The implications extend beyond tool use to any scenario where language models must choose among many similar options. The same principles apply to RAG systems with semantically similar documents, multi-agent scenarios with similar roles, or any interface where models face similar or overlapping choice sets.

This research validates several design principles that contrast with current common practices. Rather than optimizing for completeness by showing every available option in full detail, systems could be optimized for discriminability by showing fewer, more distinct options at each decision point.

Attention budget should be treated as a precious resource. It should be allocated strategically rather than saturated with information. It could be said that to avoid context rot, practice good context hygiene. Tool naming and description conventions should maximize discriminability, and context should be pruned or cleaned when possible.

Token Efficiency

Logging token usage in testing showed that the layered discovery method uses ~80% fewer tokens per task compared to the monolithic approach, dropping from an average of ~27,000 tokens to just ~5,300 tokens while simultaneously achieving better accuracy and quality.

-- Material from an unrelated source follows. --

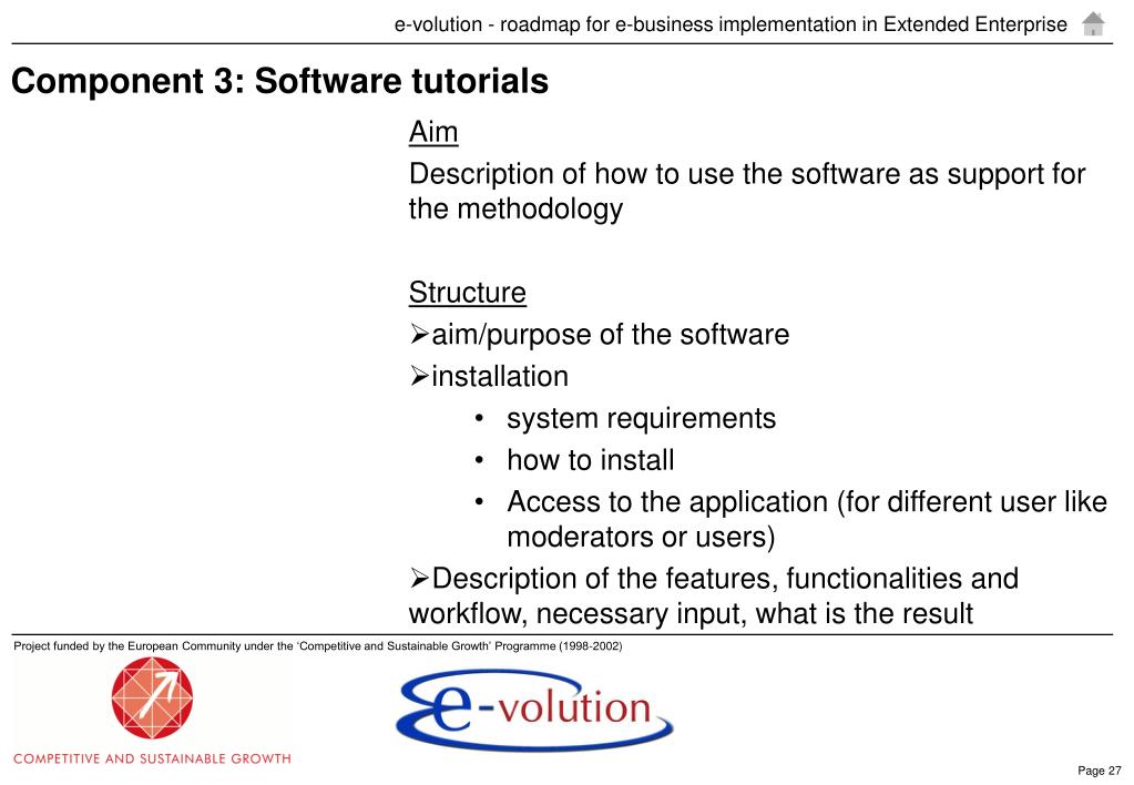 Component 3: Software tutorials • Aim • Description of how to use the software as support for the methodology • Structure • aim/purpose of the software • installation • system requirements • how to install • Access to the application (for different user like moderators or users) • Description of the features, functionalities and workflow, necessary input, what is the result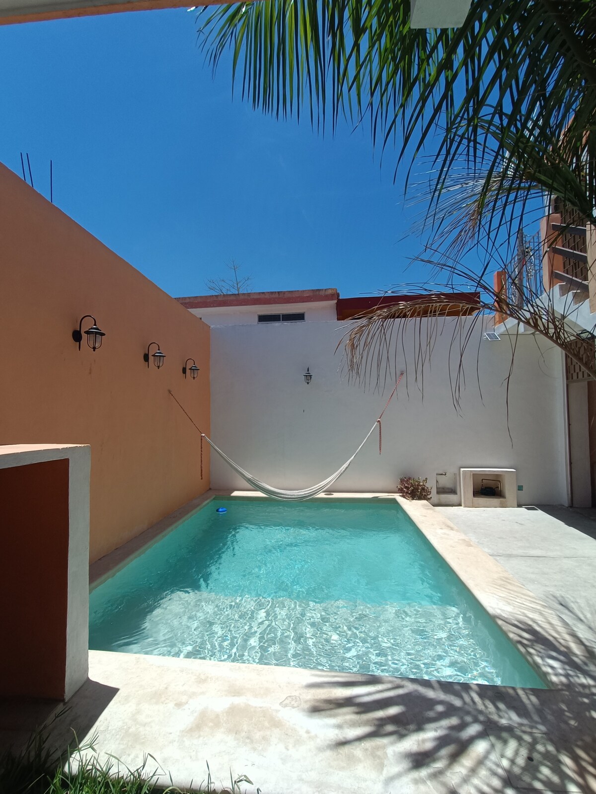 Es un alojamiento completo con alberca privada. Propiedad ubicada a unos pasos de la famosa calle 59, llena de cafés, restaurantes y bares. La decoración es colonial, la sala con sofá, tv de 50" con Netflix, Wi Fi, comedor para 6 personas, cocina con estufa de inducción magnética , refrigerador, horno de microhondas, 1 dormitorio con cama king size, TV de 32”, 1 aire acondicionado, ropero, baño con agua caliente y terraza con alberca. El Aire acondicionado solo hay en la habitación .

This measurement represents just a single tool call, but agent workflows routinely require 2, 5, or even 10+ sequential tool interactions, increasing savings over time.

The efficiency improvements stem from eliminating redundant context. In monolithic exposure, every tool schema remains in context throughout the entire interaction. The hierarchical approach maintains only the minimal necessary information at each stage: category lists and tool lists during discovery, and selected tool schemas during parameter specification.

While monolithic token usage grows linearly with catalog size, hierarchical token usage remains essentially constant regardless of whether your agent is managing 20 tools or 200.

The Intelligence Focusing Effect

It's interesting to think that hierarchical tool discovery helps language models focus their attention. The same model, freed from semantic crowding through progressive disclosure, demonstrates higher quality reasoning about tool selection, parameter construction and task execution.

Performance Improvement Through Hierarchical Organization

This suggests that much of what we attribute to model limitations might actually be architectural limitations in how we present information. The improvements indicate that the necessary intelligence was present but was being systematically degraded by poor information architecture.

Information architectures like progressive disclosure date back decades in human-computer interaction research, and this research is a reminder that thoughtful information architecture remains as critical for language models as it has always been for human interfaces.

The principle extends beyond tool use to any complex reasoning task. By carefully managing what information is presented when, we can preserve models' attention budget for the tokens that are actually worth paying attention to.

The results suggest that one of the paths forward for more capable agents and cognitive ability is in designing systems that work with, rather than against, the fundamental characteristics of transformer architectures.

Research Limitations

This research was obviously limited in scale and scope. The experiments were conducted with a small set of models and test cases, and I hope eventually re-run this research with more models across more comprehensive test suites.